Dangers and Disadvantages of Leverage
Although leverage is a massive attraction for many and is seen to be an easy way for CFD traders to make exponential profits it must be used with caution. It is by no means a guaranteed way to make huge sums of money although when put in the right hands, it can be an excellent tool to have in your armoury.
What risk does leverage pose?
When you trade on leverage, you are taking positions that are worth considerably more than the money you initially put up front. This allows you to make larger gains but people often underestimate the losses that can be made. When overexposed, all it takes is for a quick shift in the markets for you to be in negative territory, lose all of your capital or even to be heavily in debt to the CFD broker. LOSSES ARE NOT LIMITED TO YOUR TRADING BALANCE.
An example:
Harry opens an oil contract worth the equivalent of £20,000 with a margin requirement of just 5%. On this basis, he is only required to have £1000 in his trading account. If the value of his position falls by 15% to £17,000, he will be liable for the £3000 loss, even if he only has £1000 in his account.

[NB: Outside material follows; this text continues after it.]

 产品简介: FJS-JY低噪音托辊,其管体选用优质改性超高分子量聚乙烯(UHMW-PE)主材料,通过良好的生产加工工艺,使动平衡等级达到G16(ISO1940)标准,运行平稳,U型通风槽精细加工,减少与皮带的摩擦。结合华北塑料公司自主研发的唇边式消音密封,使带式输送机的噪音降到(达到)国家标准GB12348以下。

Although it is likely the broker will have automatically closed him out early, when markets are turbulent, it isn’t always possible for them to do so.

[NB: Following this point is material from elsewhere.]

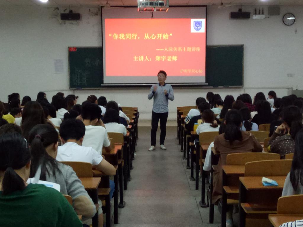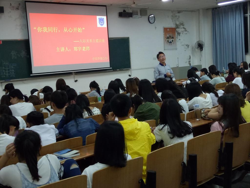 为提高本院学生适应能力和人际交往能力,也为帮助大学生调节人际关系,掌握归纳情绪管理的方法。5月6日晚7时50分,护理学院邀请了专业心理老师郑宇为同学们带来了“你我同行,从心开始”--关于人际交往主题讲座,护理学院团委书记夏艺萍出席本次讲座,护理学院各班同学积极参加讲座。

In this instance, Harry will have to repay the CFD broker the £2000 shortfall or risk further action like having a default on his credit record.
Interest Charges and Fees
Any leveraged trade incurs higher costs than an unleveraged purchase. When a trader goes long on leverage they are essentially borrowing money from the CFD broker and are required to pay interest on this. The larger the amount of leverage in the trade, the more interest they will incur. In addition, the more leverage included in the trade, the more commission the broker will charge to open the contract.
How to use leverage sensibly
To make the most of the benefits of leverage without suffering potentially huge losses, it is sensible to trade amounts that don’t leave the trader overexposed. If the price of the asset moves against them, it would make sense to have funds to cover the movement to a pre-determined point.

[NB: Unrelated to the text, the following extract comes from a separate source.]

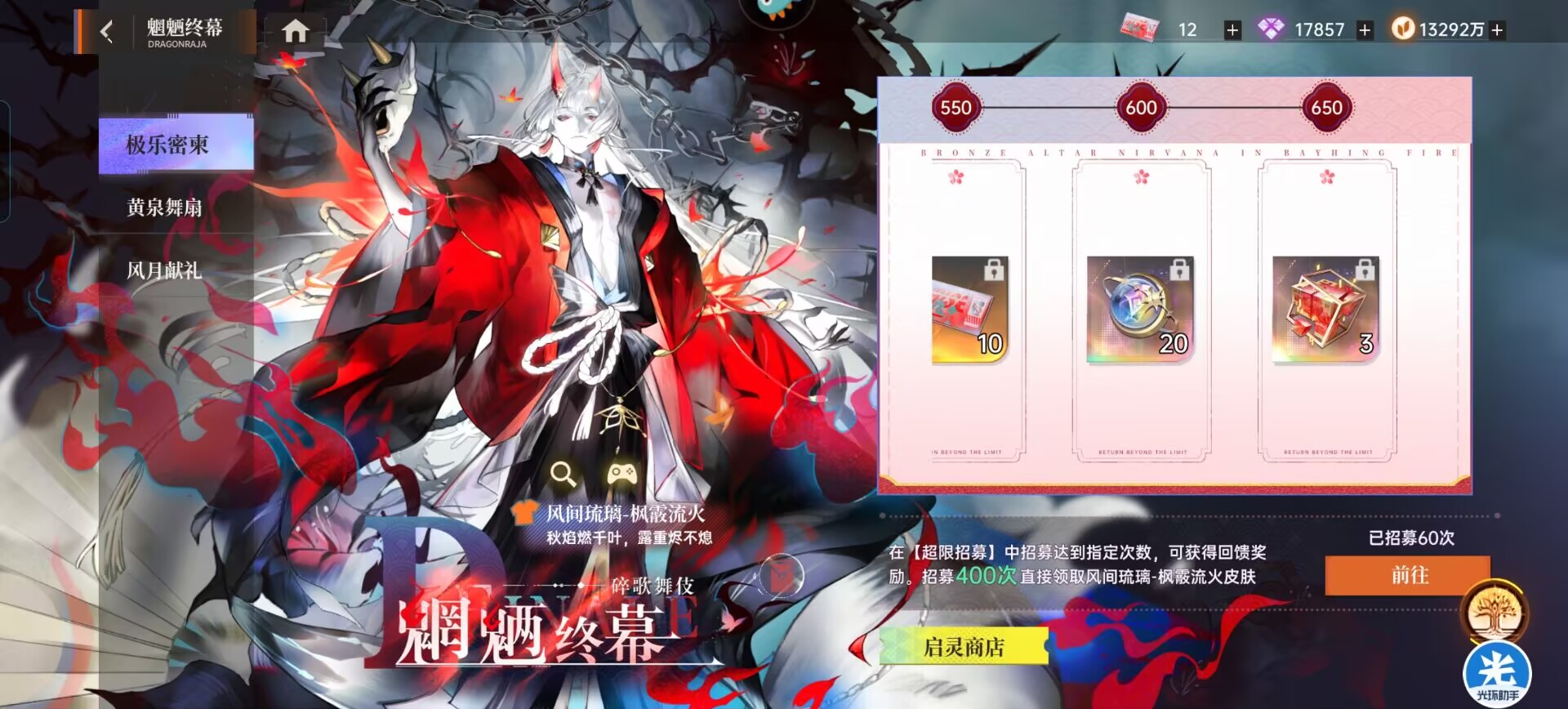 1:【魍魉终幕】活动核心总结。①该活动核心就是获得:风间琉璃新皮肤和超限石头,需要在【超限卡池】中抽取400次风间琉璃可以获得皮肤。

It is also advisable to make use of the stop loss. Whenever you buy financial assets through a Contract For Difference, you should consider how much money you are willing to risk in a worst case scenario. If this is 10% of the contract’s value then simply setup the stop loss to close out your position if the asset’s price falls by this amount.
Hopefully the above hasn’t put you off too much as when used sensibly, leverage is an excellent feature of the CFD that can lead to gains that otherwise would be unattainable. Good luck!